# [Activity]
Pictures stay out; print the rest of the listing below exactly as it stands.

Given data Block Start

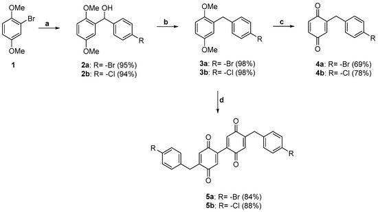 With the aim to easily enlarge the chemical diversity of the quinone-based compounds library, we planned to prepare quinones (4a and 4b) and diquinones (5a and 5b) from the same 2-(4-benzyl-substituted)-1,4-dimethoxybenzene starting material. As already reported in the literature, indeed, the manner by which the oxidation step with ceric ammonium nitrate (CAN) is carried out strongly affects the quinone/diquinone product ratios [15,16,23]. Therefore, in this study, we adopted different reaction protocols to enable the selective synthesis of quinones [23] or the corresponding diquinones [15], observing the effects of CAN oxidation when the 4-bromo- and 4-chlorobenzyl groups are bound to the 1,4-dimethoxybenzene moiety.
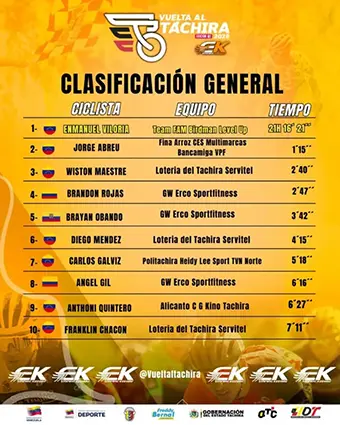 Sin embargo, será a partir de este miércoles cuando empiece a despejarse el camino, de que están hechos quienes conforman el Top10 de la clasificación general. La cuesta final del liceo Militar Jáuregui; el cerro Cristo Rey de Capacho e incluso la etapa de cierre, partiendo de Ureña y final en el Velódromo de Pueblo Nuevo definirá el campeón, si levanta el trofeo un experimentado como Jorge Abreu o si Diego Méndez da el zarpazo, se erige como uno de los futuros ases del pedalismo venezolano, con calidad de exportación.
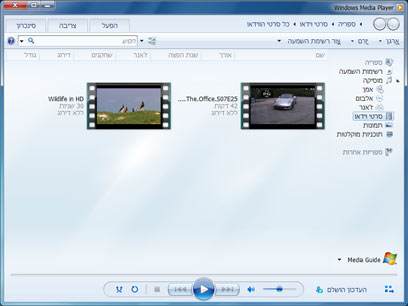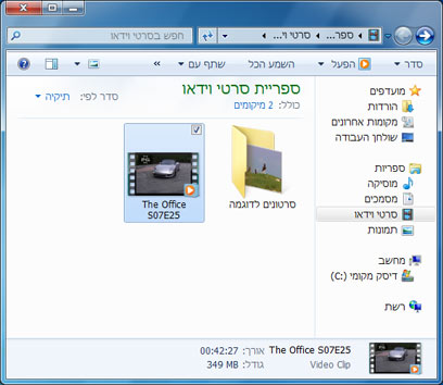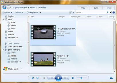 שימו את הקבצים שאתם רוצים לנגן בתוך ספריית "סרטי וידאו". ניתן לגשת לספריה מתוך כל חלון תיקיה בסרגל הצדדי תחת "ספריות".
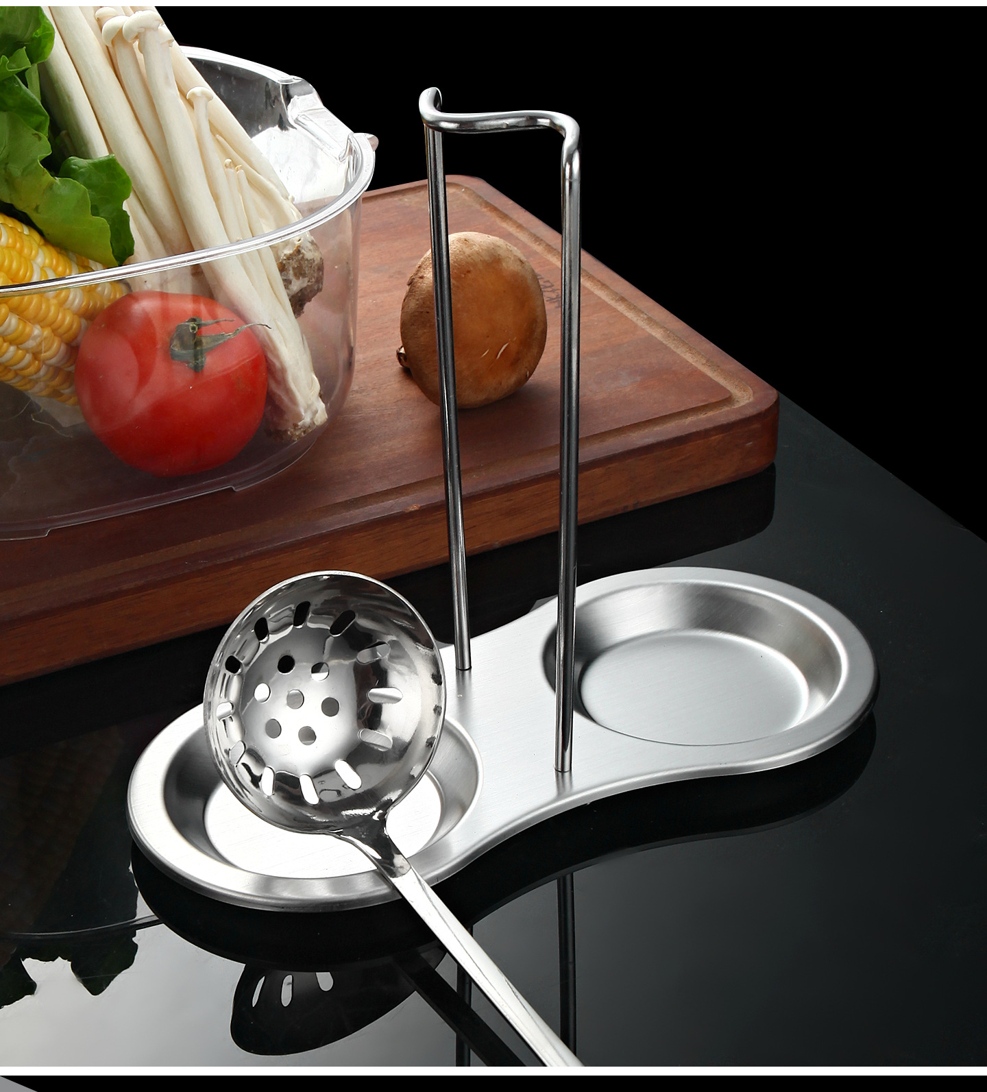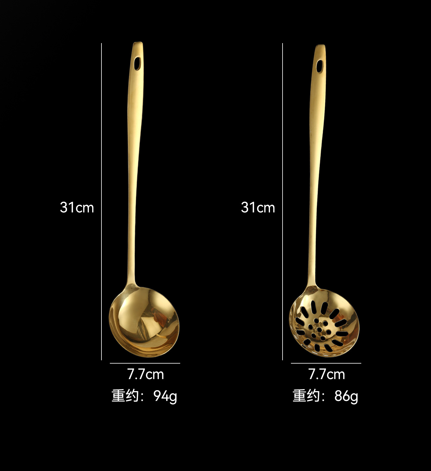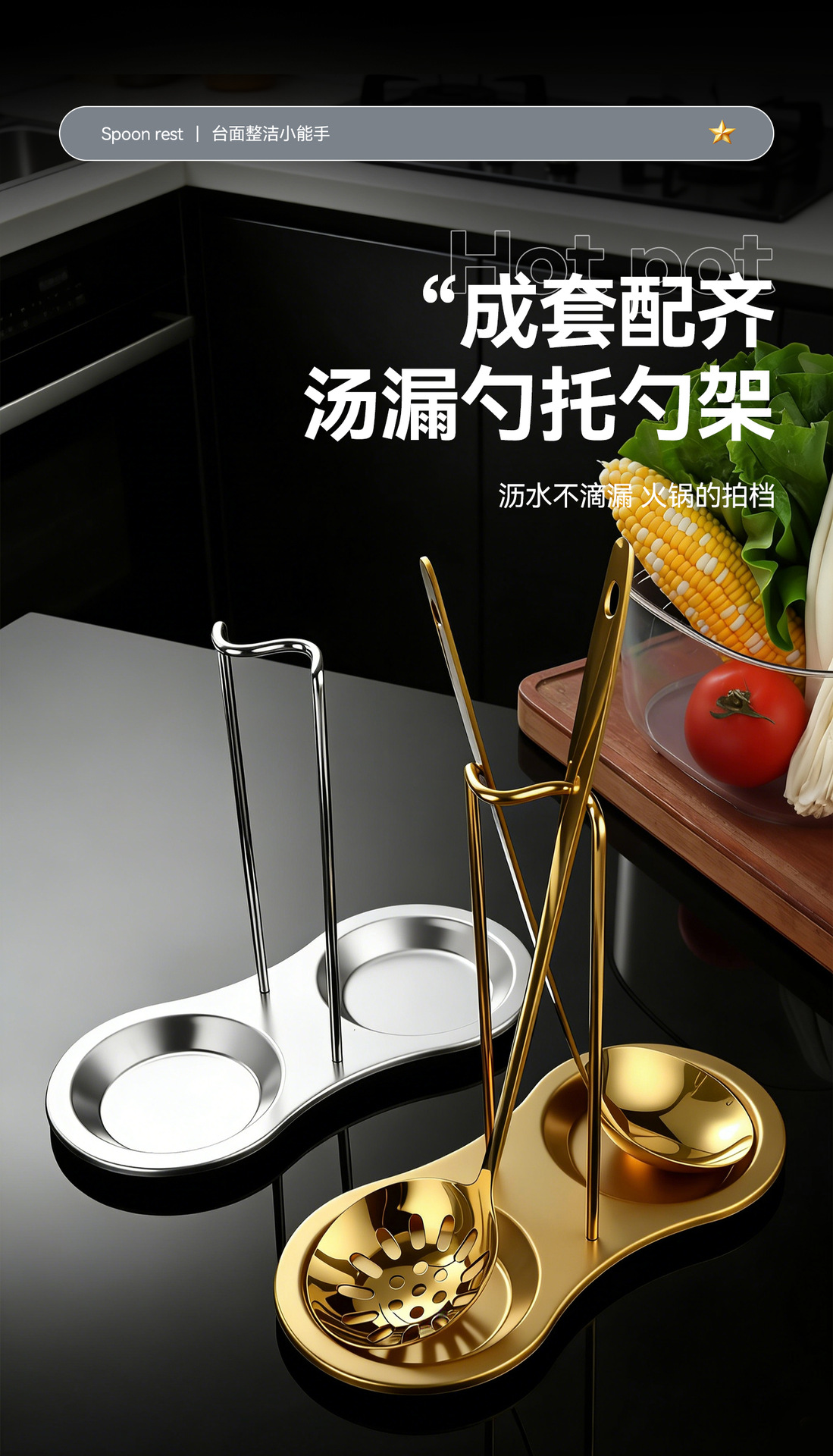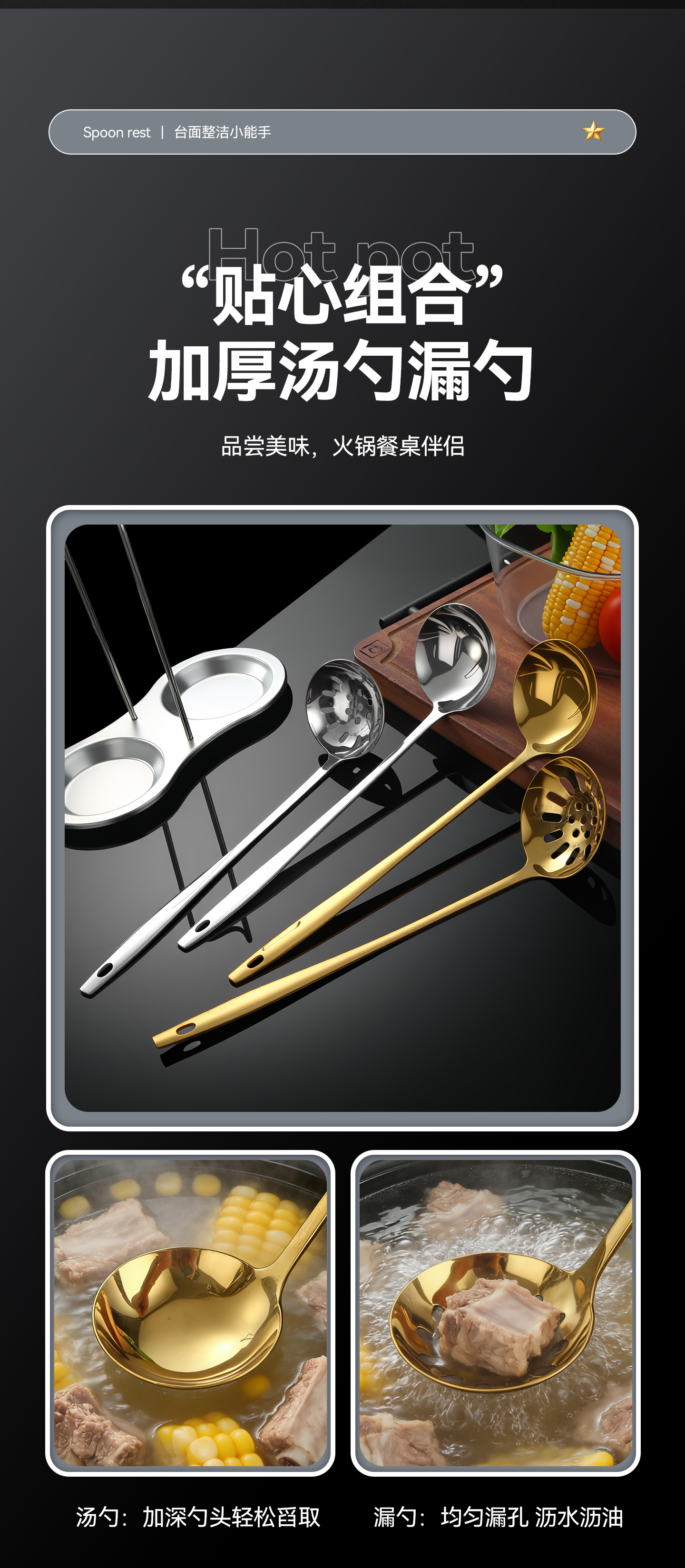 golden-spoon holder + soup spoon + colander

Given data Block End

# [Exercise output]
 With the aim to easily enlarge the chemical diversity of the quinone-based compounds library, we planned to prepare quinones (4a and 4b) and diquinones (5a and 5b) from the same 2-(4-benzyl-substituted)-1,4-dimethoxybenzene starting material. As already reported in the literature, indeed, the manner by which the oxidation step with ceric ammonium nitrate (CAN) is carried out strongly affects the quinone/diquinone product ratios [15,16,23]. Therefore, in this study, we adopted different reaction protocols to enable the selective synthesis of quinones [23] or the corresponding diquinones [15], observing the effects of CAN oxidation when the 4-bromo- and 4-chlorobenzyl groups are bound to the 1,4-dimethoxybenzene moiety.
 Sin embargo, será a partir de este miércoles cuando empiece a despejarse el camino, de que están hechos quienes conforman el Top10 de la clasificación general. La cuesta final del liceo Militar Jáuregui; el cerro Cristo Rey de Capacho e incluso la etapa de cierre, partiendo de Ureña y final en el Velódromo de Pueblo Nuevo definirá el campeón, si levanta el trofeo un experimentado como Jorge Abreu o si Diego Méndez da el zarpazo, se erige como uno de los futuros ases del pedalismo venezolano, con calidad de exportación.
 שימו את הקבצים שאתם רוצים לנגן בתוך ספריית "סרטי וידאו". ניתן לגשת לספריה מתוך כל חלון תיקיה בסרגל הצדדי תחת "ספריות".
 golden-spoon holder + soup spoon + colander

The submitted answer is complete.